Two of the transcripts expressing in the recovery period code for myoinositol-1-phosphate synthase and trehalose phosphate synthase are involved in synthesis of pinitol and trehalose, respectively. Concentration of pinitol was reported to be higher in the halophytic plants and the plants that are adapted to drought (Vernon and Bohnert, 1992). We also have observed a high constitutive level of myoinositol in the dehydration pretreated chickpea seedlings. Interestingly, myoinositol concentration in Actinidia leaves increased more than 2-fold at harvest time when a short water-stress was given in early summer (Miller et al., 1998).
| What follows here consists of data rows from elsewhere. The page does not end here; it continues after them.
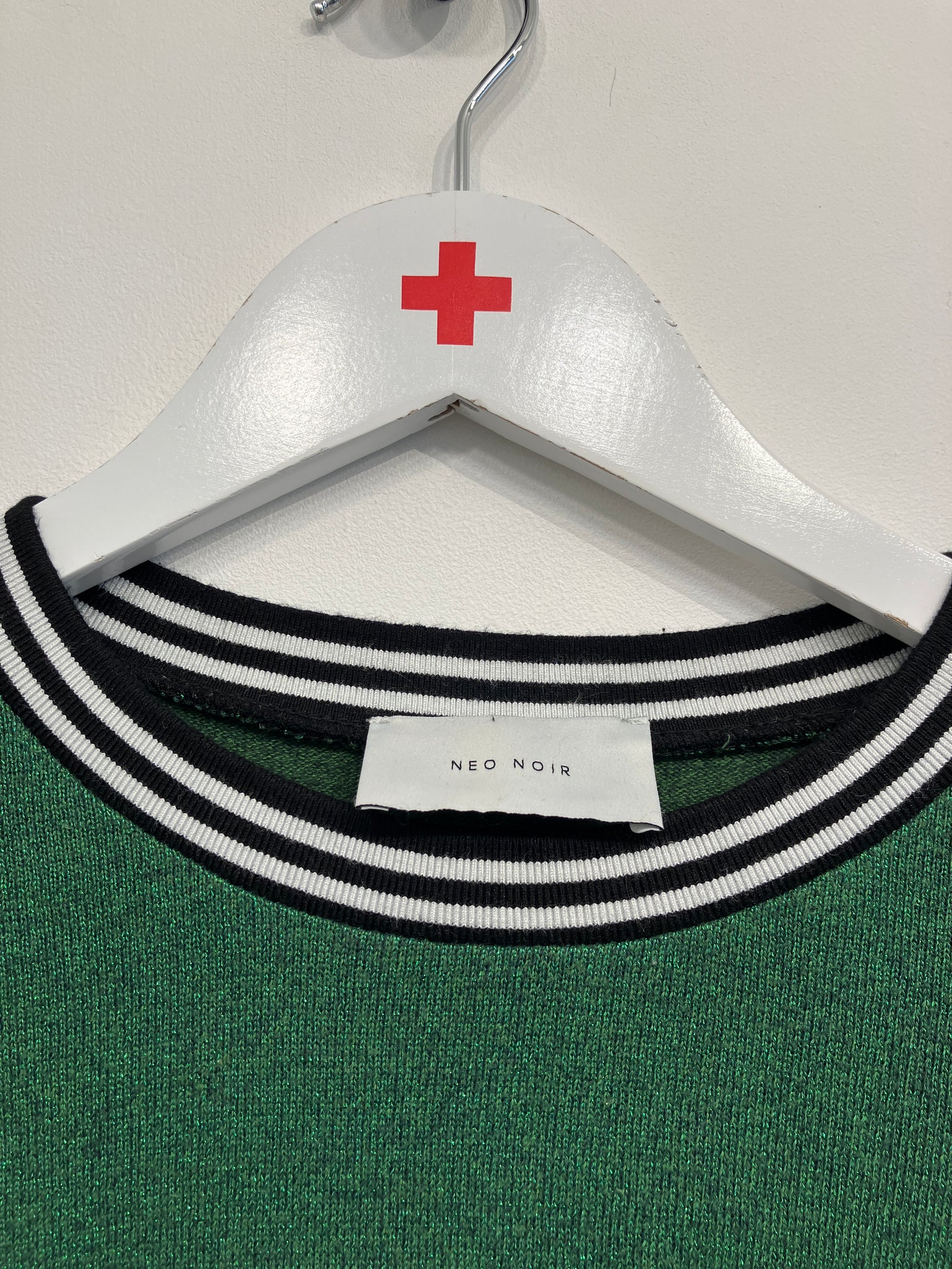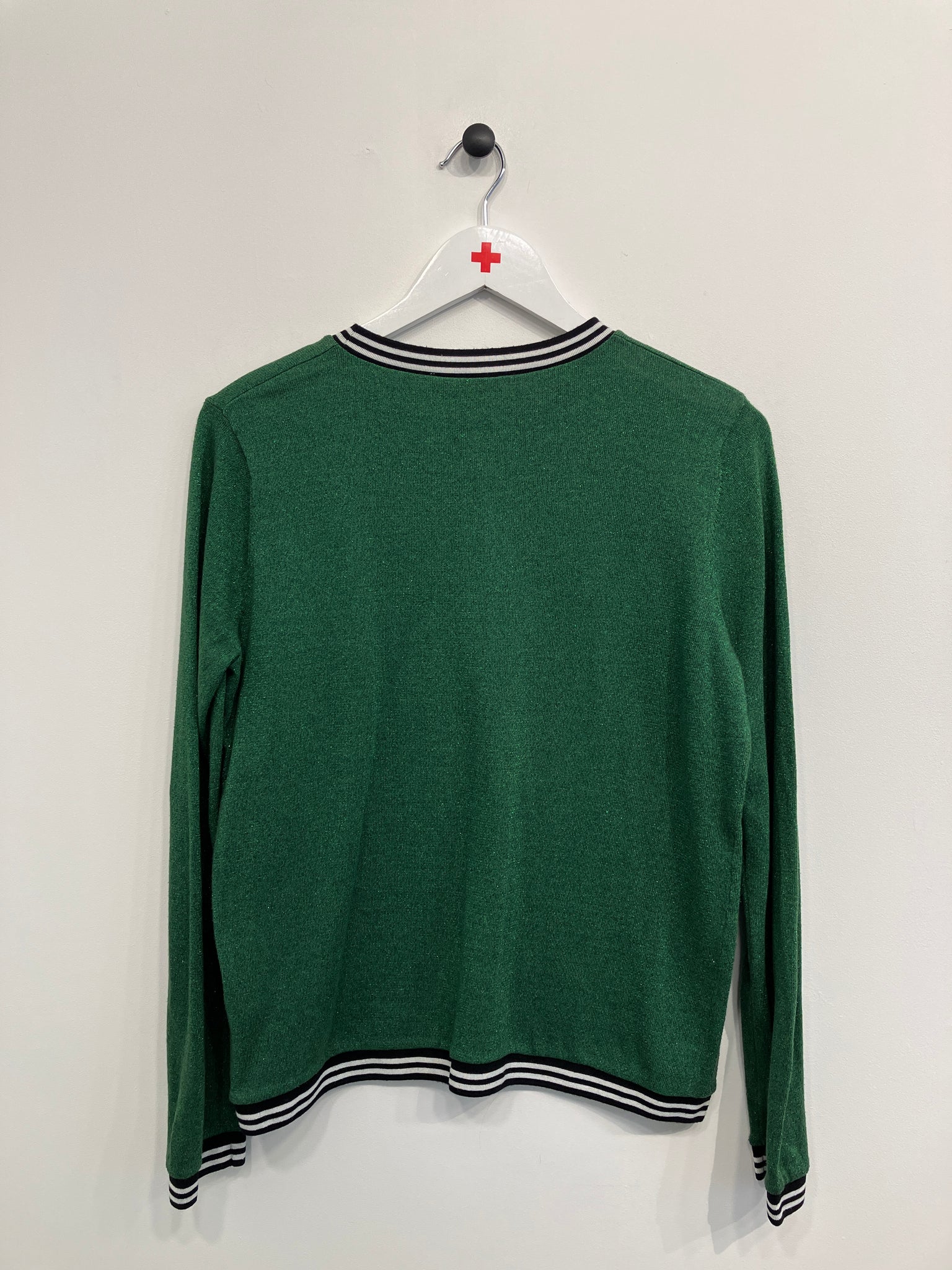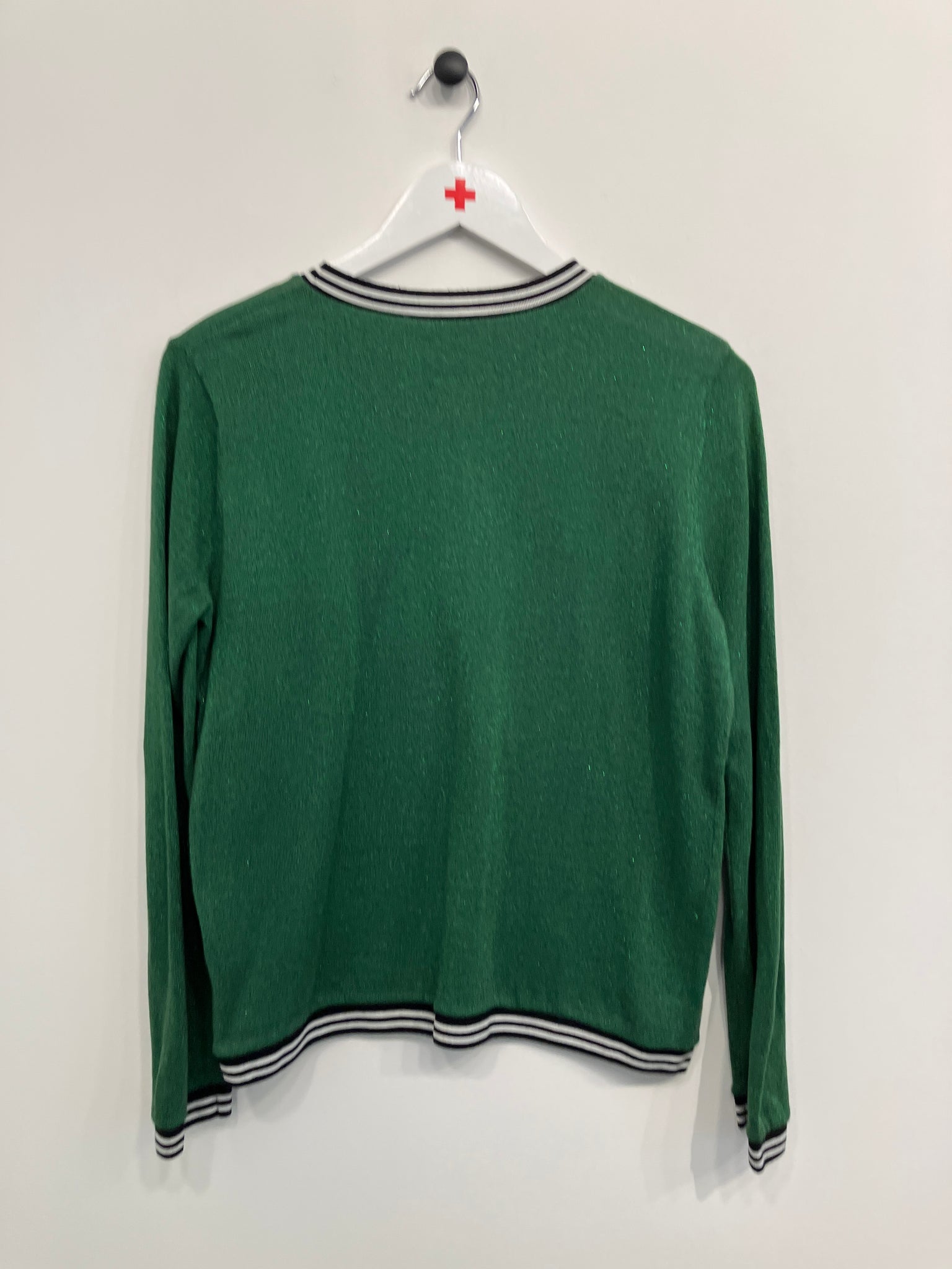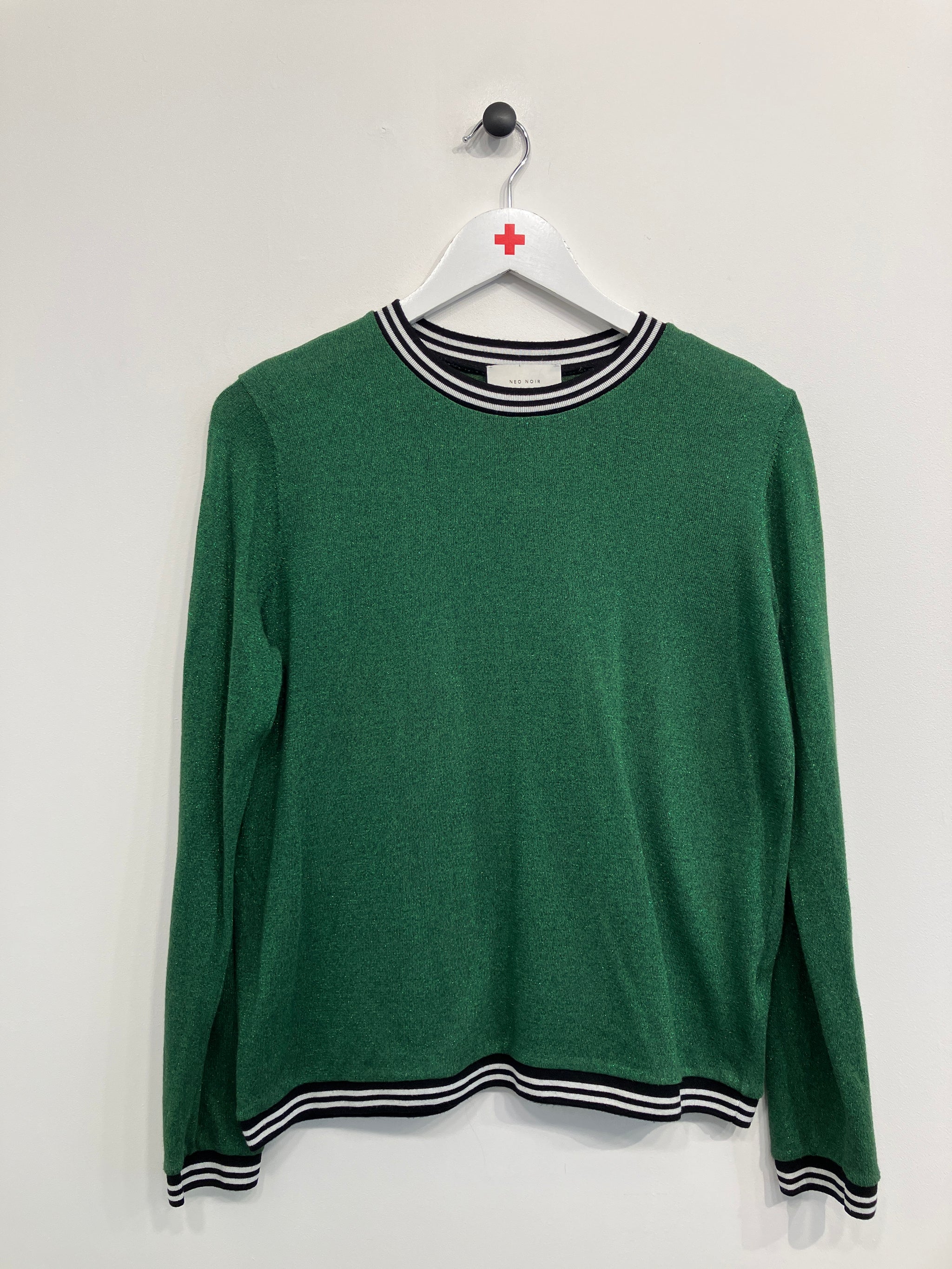 Bluse med rund hals og lange ærmer. Stoffet er i let glimmer og blusen har sort/hvid stribede kanter ved hals, ærmer og i bund.
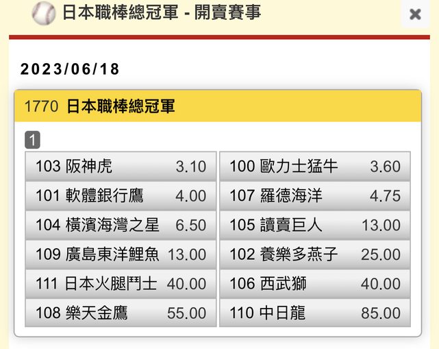 標題[棒球] NPB 日職 2023 總冠軍預測
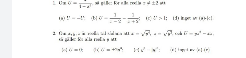 Yngve skrev:Mahiya99 skrev:Vilket likhet syftar du på och när jag ska pröva med tex de där värden du har exempel på, ska jag pröva om det gäller i ekvationen eller alternativen?
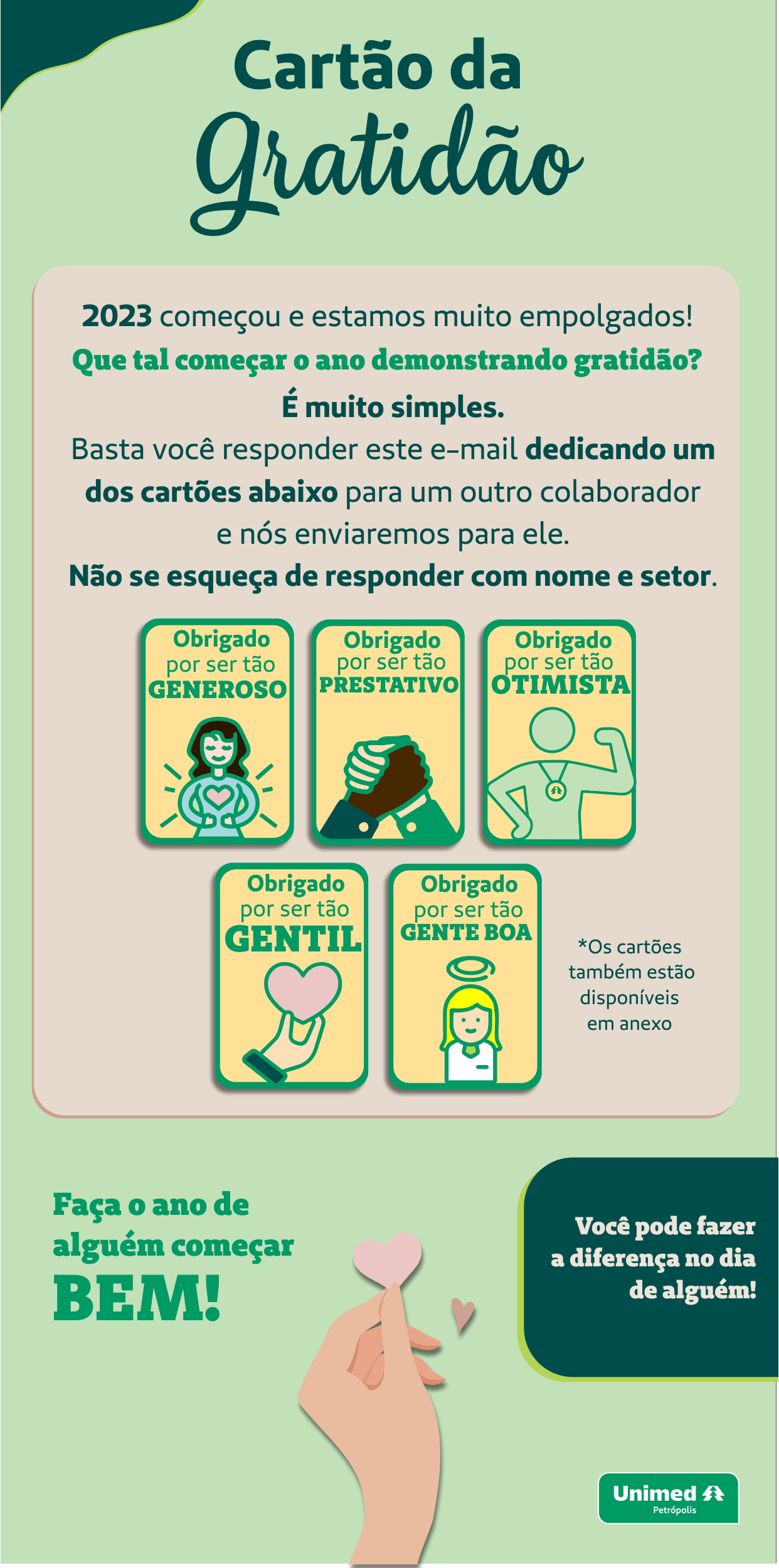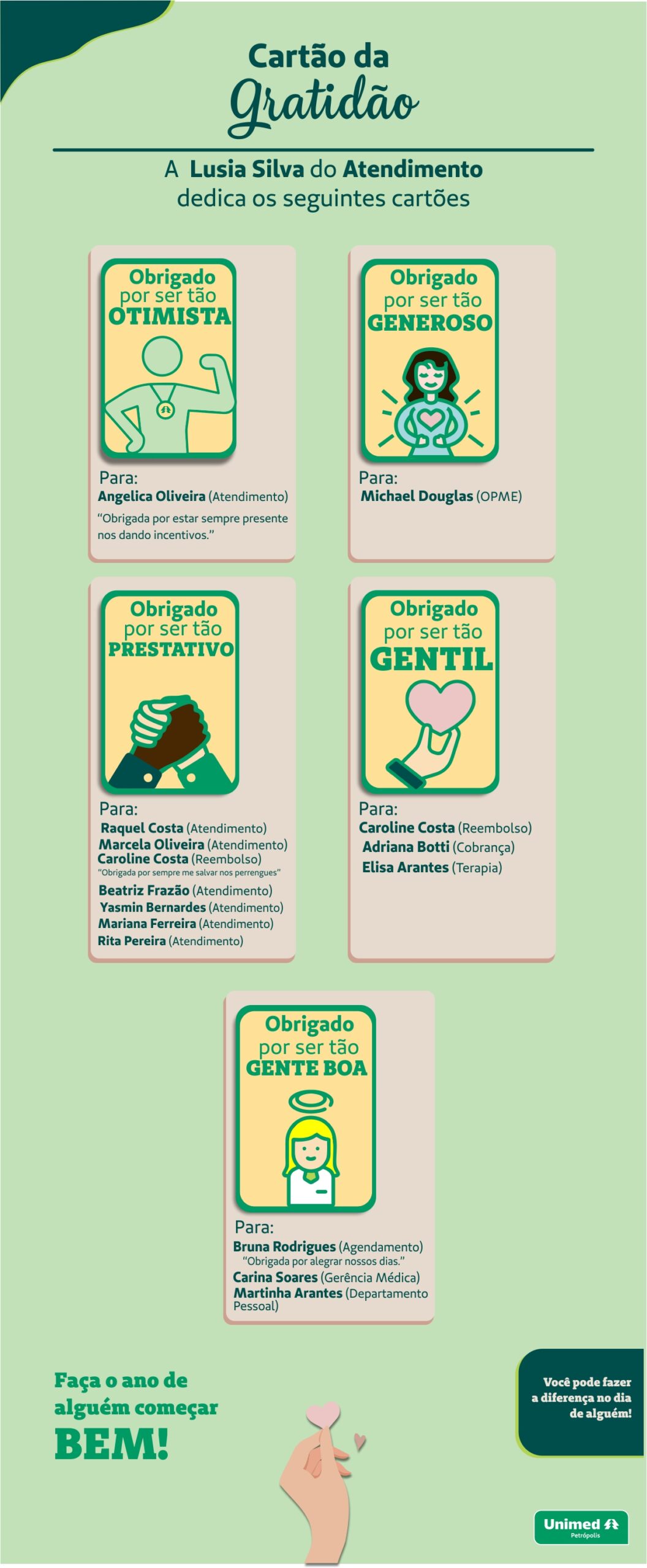 Em comemoração ao Dia da Gratidão, celebrado no dia 6 de janeiro, a Unimed Petrópolis realizou uma ação entre seus colaboradores.
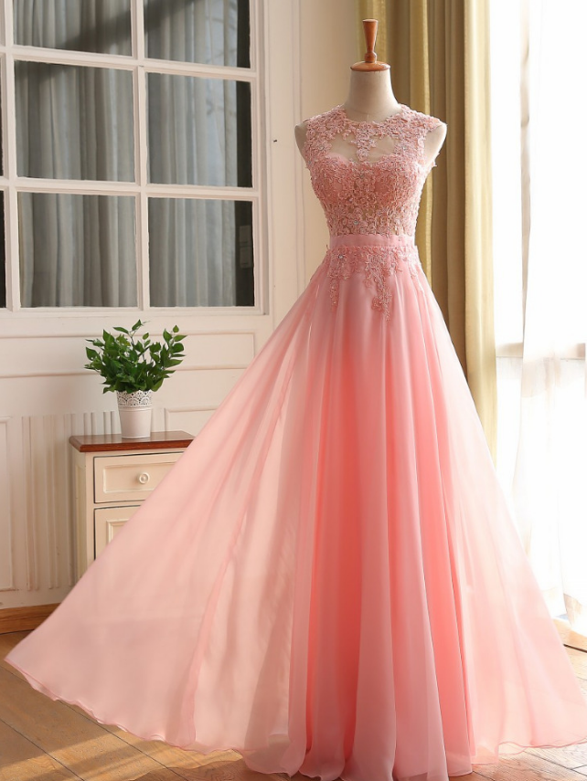 Lace Chiffon Pink Bridesmaid Dresses with Lace Appliques
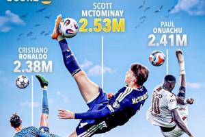 麦克托米奈倒钩时的脚尖高度为2.53米,此前奥努阿楚的纪录为2.41米,而C罗的纪录为2.38米。
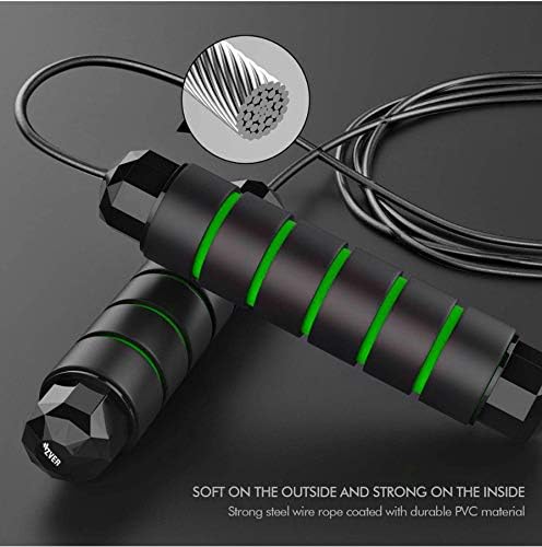 ✔ HEAVY-DUTY and HIGH QUALITY: Zver jump rope made of thick braided steel wire rope which is coated with PVC. Extremely durable and smooth, ensures the maximum service life and avoids cracking or breaking. Your two handles are wrapped in soft memory foam on the surface to keep your hands comfortable and from getting stiff after a long workout.
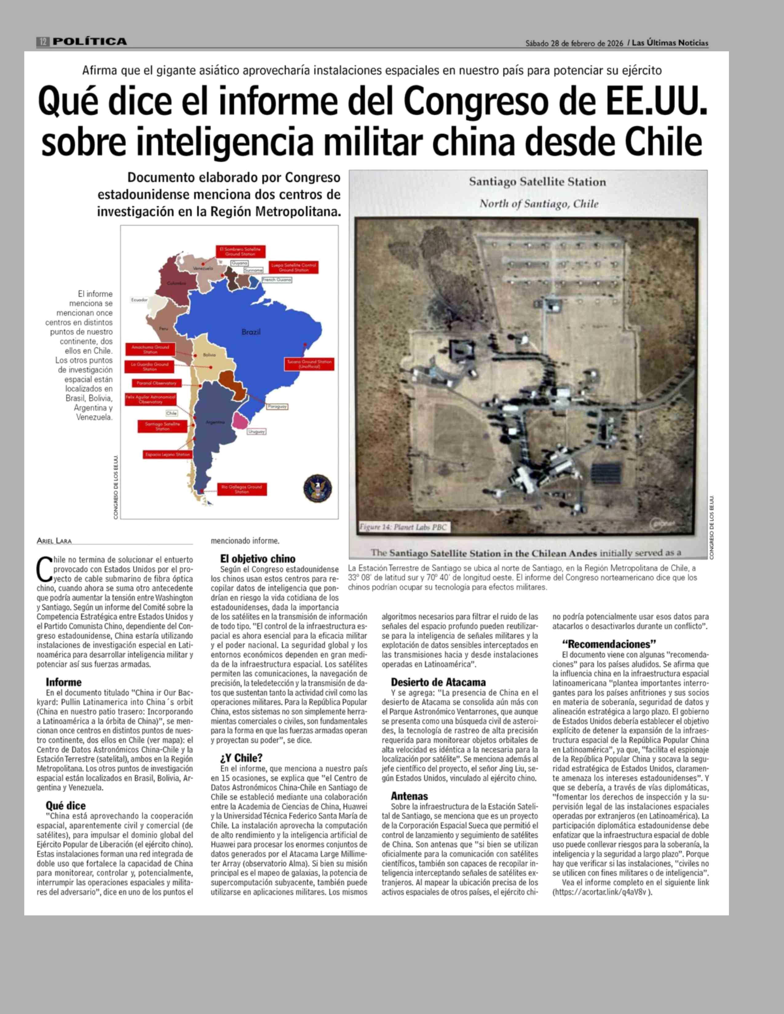 Título: Qué dice el informe del Congreso de EE.UU. sobre inteligencia militar china desde Chile
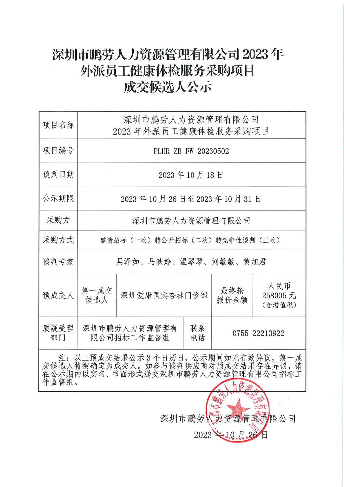 深圳市鹏劳人力资源管理有限公司2023年度外派员工健康体检服务采购项目成交候选人公示

Late-embryogenesis abundant (LEA) groups of proteins are thought to provide protection to the cellular macromolecular structures against desiccation-mediated damages. A transcript (CD051297) encoding dehydrin1 (LEA D11) continued to express at the same level as in the dehydrated sample up to 24 h after the removal of dehydration stress. Accumulation of dehydrin (both dhn1 and dhn2) transcripts was shown to correlate drought-adaptive response in a relatively tolerant variety of sunflower; however, accumulation of ABA was not responsible for the varietal difference in drought tolerance (Cellier et al., 1998). Alteration in the kinetics of dehydrin transcript accumulation during recovery from dehydration from that after ABA-exposure supports the observation in sunflower and suggests that additional factors other than ABA might be involved in the expression of dehydrin during stress-adaptation. In Arabidopsis, expression of rab18 gene in response to low temperature was shown to be ABA dependent. However, a small, but reproducible accumulation of rab18 mRNA persisted during low temperature adaptation in Arabidopsis even after endogenous ABA level decreased to the basal level (Lang et al., 1994). RAB18 protein expression was maintained almost comparable to the induced level up to 3 d of deacclimation (Mantyla et al., 1995).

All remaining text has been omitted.